11.28.97
Happy Turkey Day!

Hmm... I guess I could really go for some pumpkin pie right now. Ooo, with homemade whip too. OK, so maybe I miss about one slice and a dollop of T-Day. ;-)
I learned in some class - I think in intro to Sociology - that if you remove a cult member from the cult then it is really difficult for that person to retain the cult’s beliefs as their own. It’s possible to extrapolate this to other groups made up of people who share common beliefs. Further, what seems important about groups of people who believe in the same things is that there is a need to recruit new members as a way to validate their beliefs over those held by other groups. Very interesting. I remember thinking, as the prof was lecturing, about Christian missionaries.

Anyway, I was thinking about this because today is Turkey Day to the U.S. and all week people from there have been asking me if I’m going to do anything to celebrate. No, and I don’t feel like it; it’s not important to me. Christmas is just around the corner and I’m dreading the obligation to give to people across the Pacific. I think we’ll be taking the path of least resistance and sending out things we can buy on the web. Saves us a lot in postage. But I’m really not digging the idea of practicing X-mas either.

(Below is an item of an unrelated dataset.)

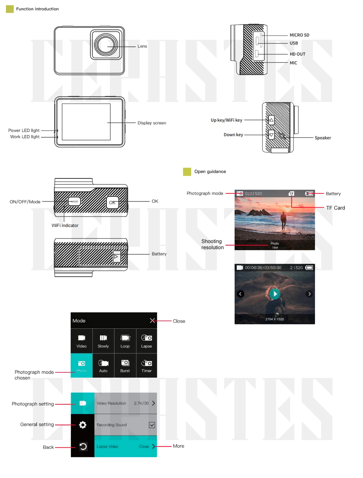 Video encoding resolution : 4K60fps (30fps), 2.7k30fps, 1080P120fps(60fps/30fps), 720P240fps(120fps/60fps/30fps)

Everywhere I went on the web this week, or every news segment I caught from the States, wreaked of holiday cheer. ‘Tis the season, I spose. But not here. X-mas is celebrated but not to the commercial excess that it is in the US. Last year it hardly felt like Christmas even though we had decorated our apartment with light strings and ornaments. People sent us stuff, but it’s not the same without the deluge of X-mas paraphernalia brandishing everything. Usually I’m a Christmas nut, but I guess when it’s outta sight it eventually gets outta mind. Two years out of the country and I’m already losing my shared sense of holiday cheer.

Sooo…

I attempted to start the book review I’m supposed to write for the AJWS. Agh! The words just don’t flow when there is pressure to write well. It’s so frustrating. I mean, it’s just a stupid book review. What is that? Three or four pages max? Yeah, maybe that’s the problem: I gotta keep it from becoming a book report.